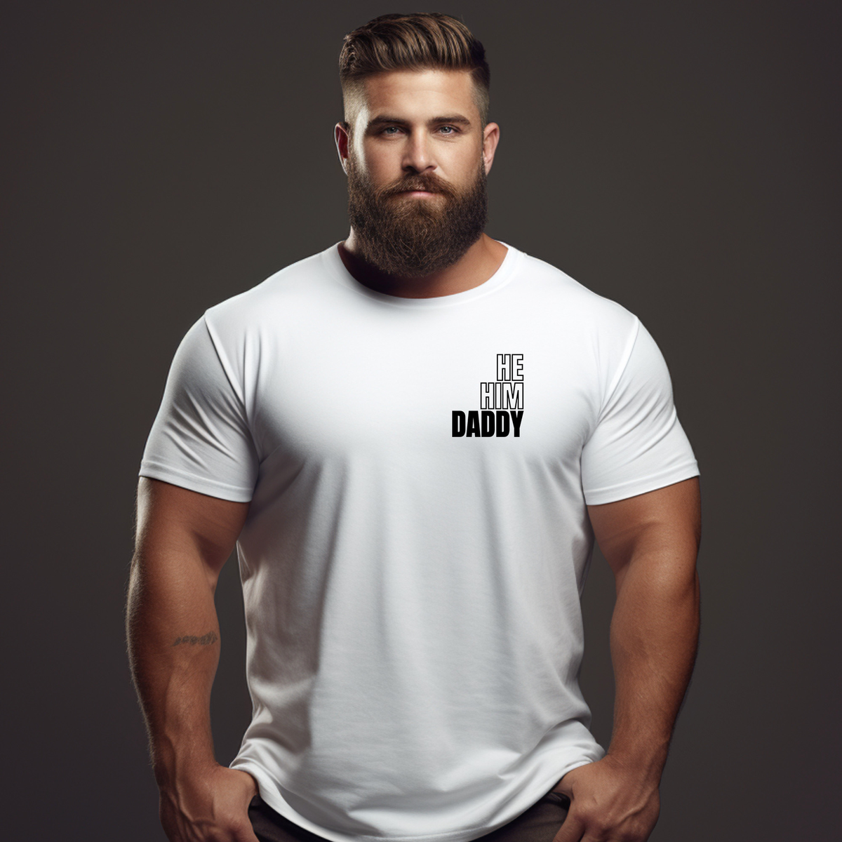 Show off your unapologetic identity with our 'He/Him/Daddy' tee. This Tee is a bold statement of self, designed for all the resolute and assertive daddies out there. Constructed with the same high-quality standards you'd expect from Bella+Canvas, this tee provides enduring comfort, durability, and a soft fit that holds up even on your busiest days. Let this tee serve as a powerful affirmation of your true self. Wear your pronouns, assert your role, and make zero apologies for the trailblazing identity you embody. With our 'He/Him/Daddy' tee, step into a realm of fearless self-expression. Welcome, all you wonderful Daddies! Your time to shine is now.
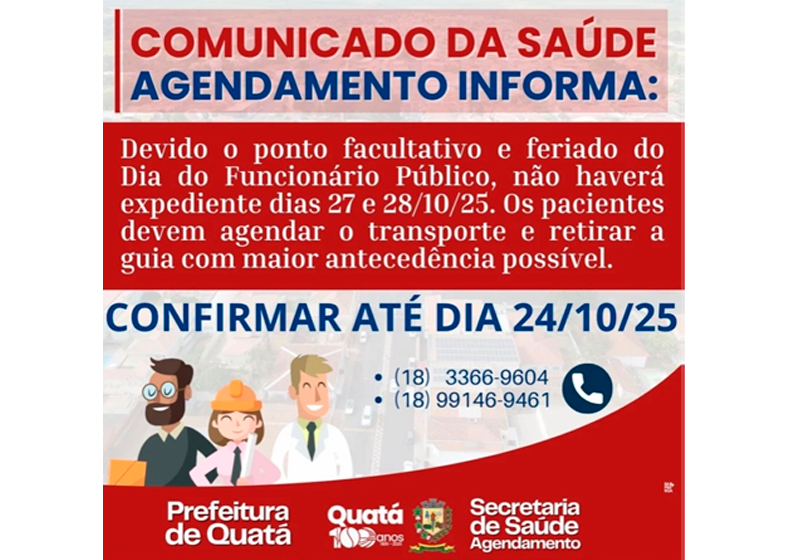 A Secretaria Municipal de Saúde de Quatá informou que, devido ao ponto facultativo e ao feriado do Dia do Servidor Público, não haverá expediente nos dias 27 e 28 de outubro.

:::::

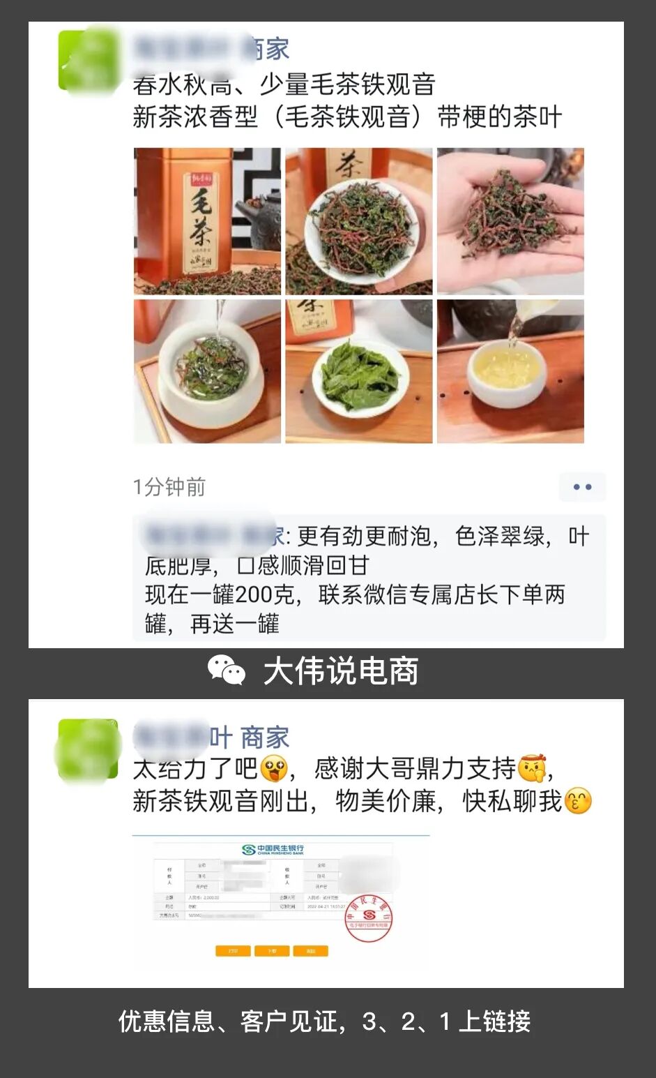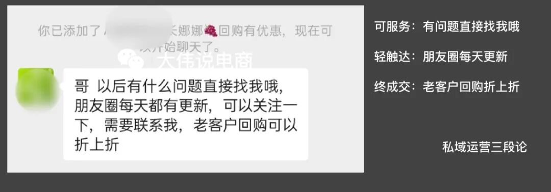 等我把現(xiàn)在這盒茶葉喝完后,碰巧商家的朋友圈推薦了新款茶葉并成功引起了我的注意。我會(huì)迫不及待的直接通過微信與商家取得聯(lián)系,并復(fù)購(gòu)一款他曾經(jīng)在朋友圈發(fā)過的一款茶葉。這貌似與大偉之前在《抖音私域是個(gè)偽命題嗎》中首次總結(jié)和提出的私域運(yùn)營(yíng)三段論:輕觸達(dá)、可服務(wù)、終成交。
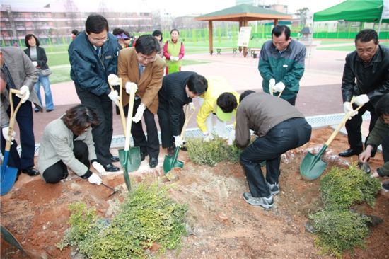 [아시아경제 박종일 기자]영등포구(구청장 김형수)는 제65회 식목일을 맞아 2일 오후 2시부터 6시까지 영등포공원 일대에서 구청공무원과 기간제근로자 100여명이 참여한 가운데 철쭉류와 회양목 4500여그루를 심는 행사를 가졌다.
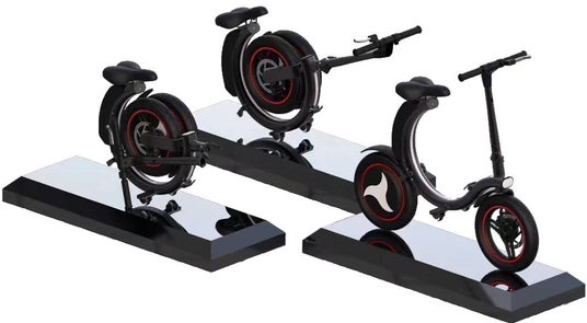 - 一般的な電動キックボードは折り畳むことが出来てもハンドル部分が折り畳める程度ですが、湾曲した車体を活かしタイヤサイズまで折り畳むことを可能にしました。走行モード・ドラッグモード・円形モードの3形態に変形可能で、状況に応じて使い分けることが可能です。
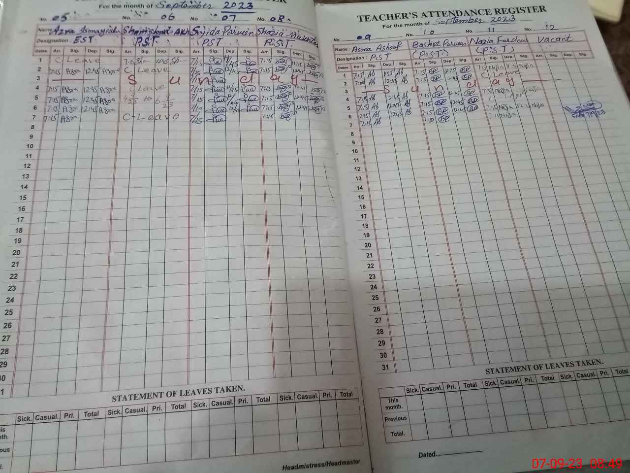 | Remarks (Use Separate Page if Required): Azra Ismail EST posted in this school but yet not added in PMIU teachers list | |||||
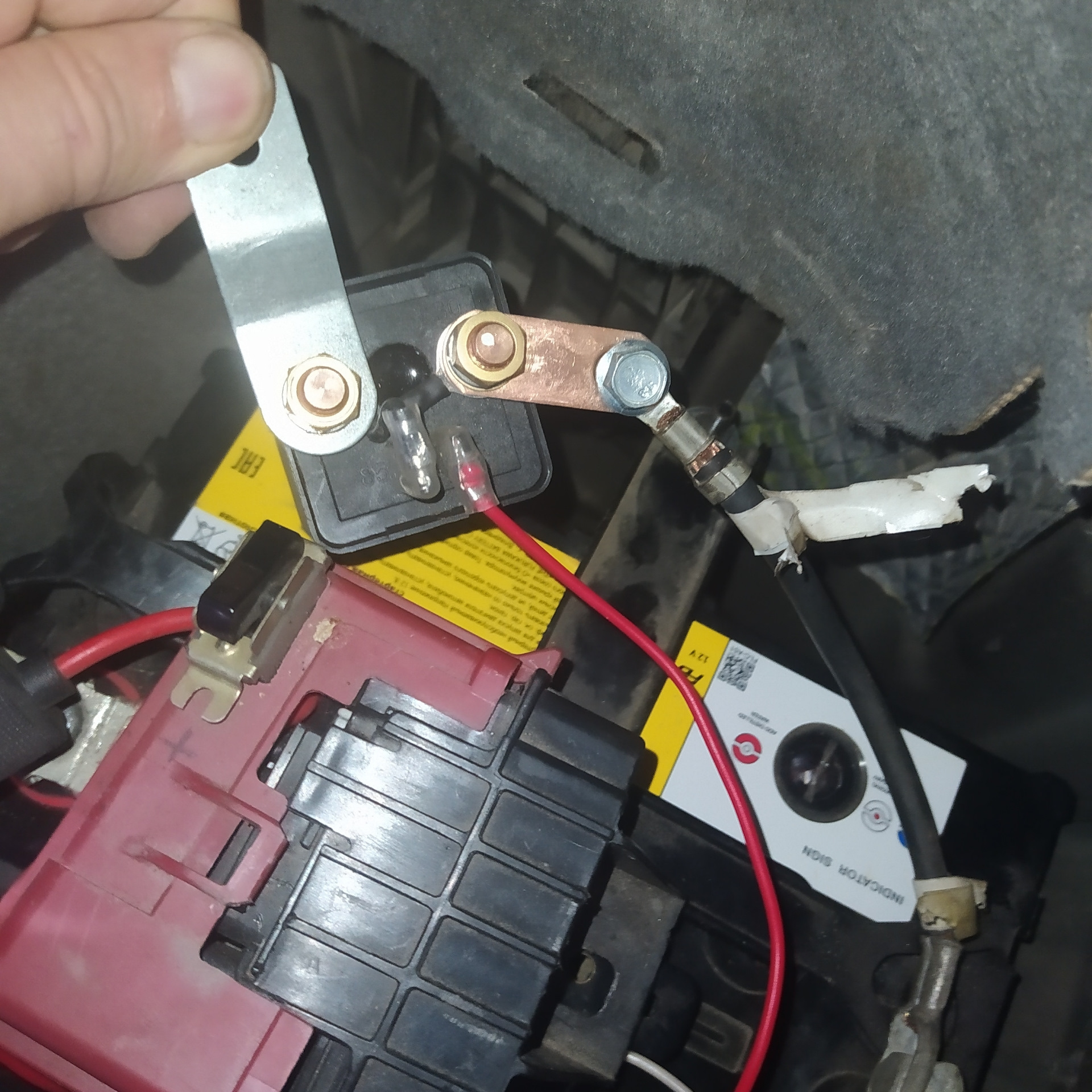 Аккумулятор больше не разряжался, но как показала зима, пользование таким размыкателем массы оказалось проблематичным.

:::::

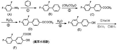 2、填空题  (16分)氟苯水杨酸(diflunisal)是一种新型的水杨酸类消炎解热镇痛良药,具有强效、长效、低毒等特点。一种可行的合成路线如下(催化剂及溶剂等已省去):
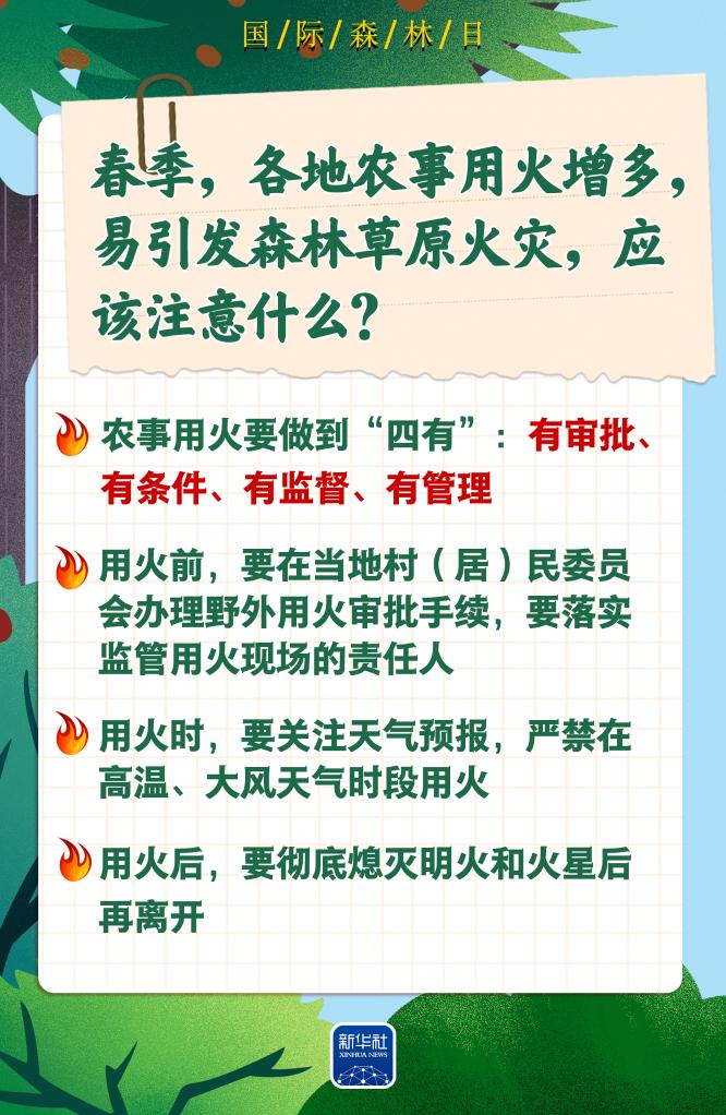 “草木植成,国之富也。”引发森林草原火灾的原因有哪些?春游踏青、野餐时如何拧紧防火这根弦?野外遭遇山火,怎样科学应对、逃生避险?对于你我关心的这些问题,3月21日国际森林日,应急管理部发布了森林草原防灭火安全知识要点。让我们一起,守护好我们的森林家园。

:::::

### HOW TO COMPLETE THIS TASK
From the records above, output only the lines starting at the one containing "teachers list | |||||" and ending at the one containing "Аккумулятор больше не", word for word. Pictures stay out.

### SOLUTION
 | Remarks (Use Separate Page if Required): Azra Ismail EST posted in this school but yet not added in PMIU teachers list | |||||
 Аккумулятор больше не разряжался, но как показала зима, пользование таким размыкателем массы оказалось проблематичным.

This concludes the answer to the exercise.